How do you replace a rock star like Scott Gottlieb at the FDA? Maybe you can't
Anyone looking for a convenient weather vane to determine the reaction to Scott Gottlieb’s abrupt departure from the FDA need go no further than the $XBI. The S&P Biotech ETF took a 4% hit. And it was down another 1.8% ahead of the bell on Thursday.
The market and the industry loved Gottlieb, as we underscored on several occasions with industry surveys highlighting the intense enthusiasm for someone who advocated for collaborating with the drug industry. Biopharma had a partner in Gottlieb, and they all knew it.
Vaping and the opioid epidemic — while big public policy issues — meant absolutely nothing to the industry. An agency committed to pushing approvals while embracing innovation at a time some landmark therapies are being approved at a more rapid pace: That was pure gold. And it wasn’t just lip service. In this brave new world J&J could slip around the gold standard on depression drug data and score an OK this week for esketamine, a drug they plan to make a blockbuster. A few years ago, that likely wouldn’t have happened.
The one thing that could settle investors and execs back down would be a new head of the FDA that could walk the line between maintaining the somewhat weakened gold standard on pivotal data and a free-for-all that would clearly abandon a commitment to approving safe and effective drugs that met the risk/benefit analysis.
Gottlieb emerged early as a favorite for the FDA job. He had experience at the agency, he fit into the Trump administration’s orb with vows to speed things up, and an amazing number of industry insiders knew him and liked him.
He quickly became a rock star in biopharma, tweeting his way through every day about policy.
So how do you replace him and maintain the same level of enthusiasm in biopharma? The usual suspects don’t cut it.
We’re not even sure right now who will be the interim chief. Stephen Ostroff has taken the helm on a strictly interim basis before, but he retired last fall.
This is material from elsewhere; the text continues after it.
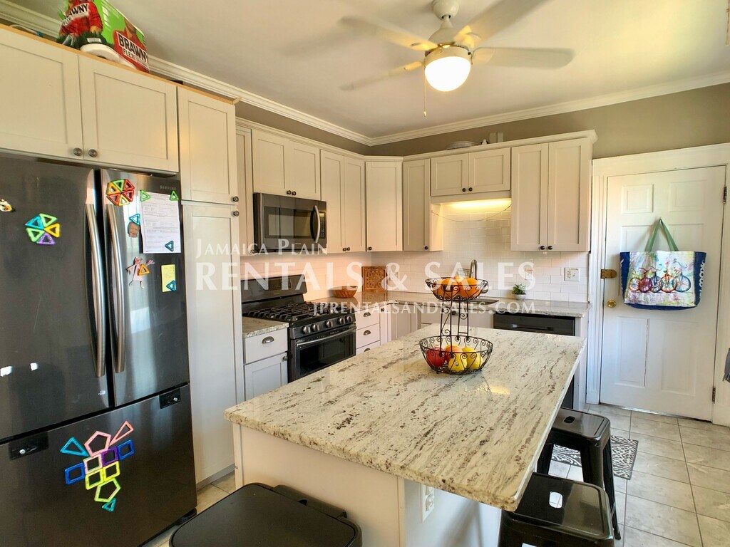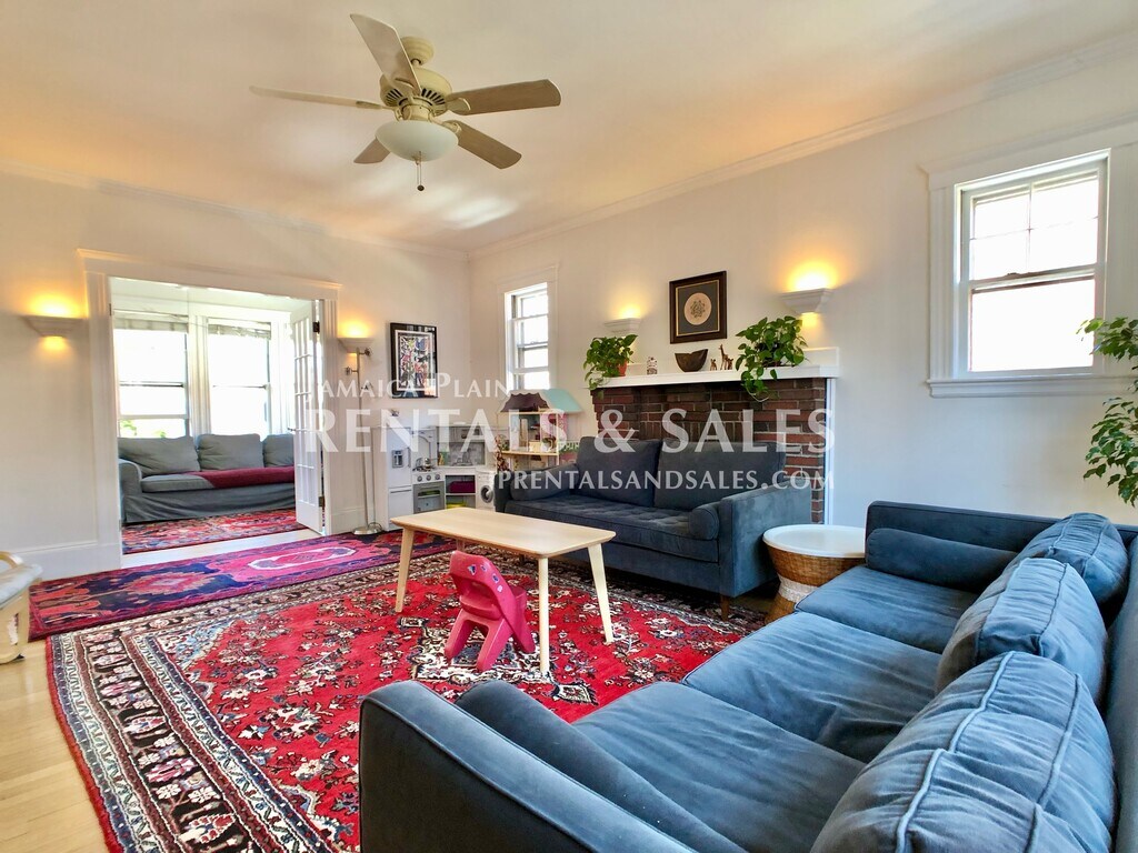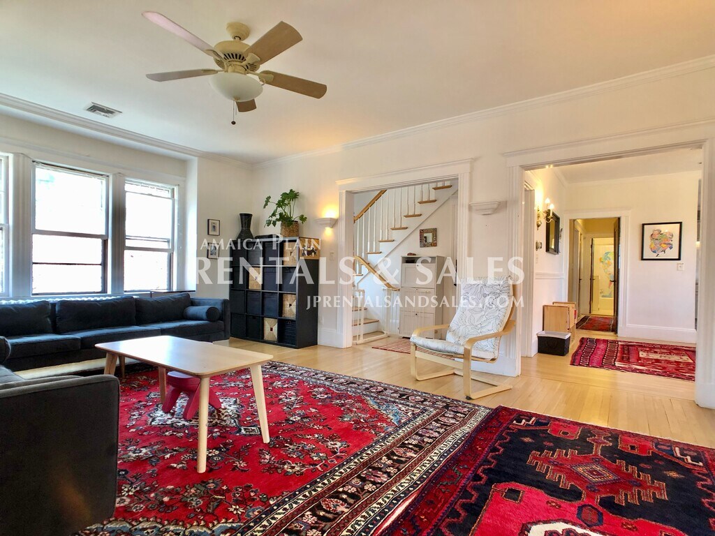 Available September 1 - This stunning pondside 3 bed 2 bath has it all! The apartment is located on a quiet street next to Jamaica Pond and includes two levels of living space. The first floor features a large living room with decorative fireplace, spacious sun room/office, updated kitchen with granite counter tops and big island w/breakfast bar, separate dining area, two bedrooms and a full bath. Upstairs is a huge bonus room as well as a master suite with full size washer and dryer. All rooms have ceiling fans and tons of natural light, and the entire space has central AC as well. There is a private porch off of the kitchen, and a huge basement storage area. There is one off street parking spot and one garage bay included in the rent. The location is ideal for commuting as well, with the Longwood medical area just a few minutes away, and the 39 bus at the end of the street. All the amenities of Centre st like Wholefoods, CVS, great coffee shops and restaurants are all just a block away. Call or email us today to schedule a tour. FIRST, LAST, NO BROKER FEE DUE WITH LEASE. PETS NEGOTIABLE

Amy Abernethy was named principal deputy commissioner just 2 months ago, coming to the FDA from a senior scientific position at Flatiron after a stint at Duke. She’s been tapped as the likely interim chief, and will definitely make the rumor mill as possibly the next head of the FDA. But she’s still largely an unknown in the industry, so don’t expect much enthusiasm right off the bat.
On the other hand, if she gets the interim job, she’ll have a chance to shine. And President Trump doesn’t seem pressed to get big jobs filled fast in Washington DC, so the interim role could last awhile.
National Cancer Institutes director Ned Sharpless has emerged as one of the most frequently cited candidates for the FDA job, with an early push from the Wall Street Journal, which also quickly named Brett Giroir, assistant secretary at HHS, as another possible successor.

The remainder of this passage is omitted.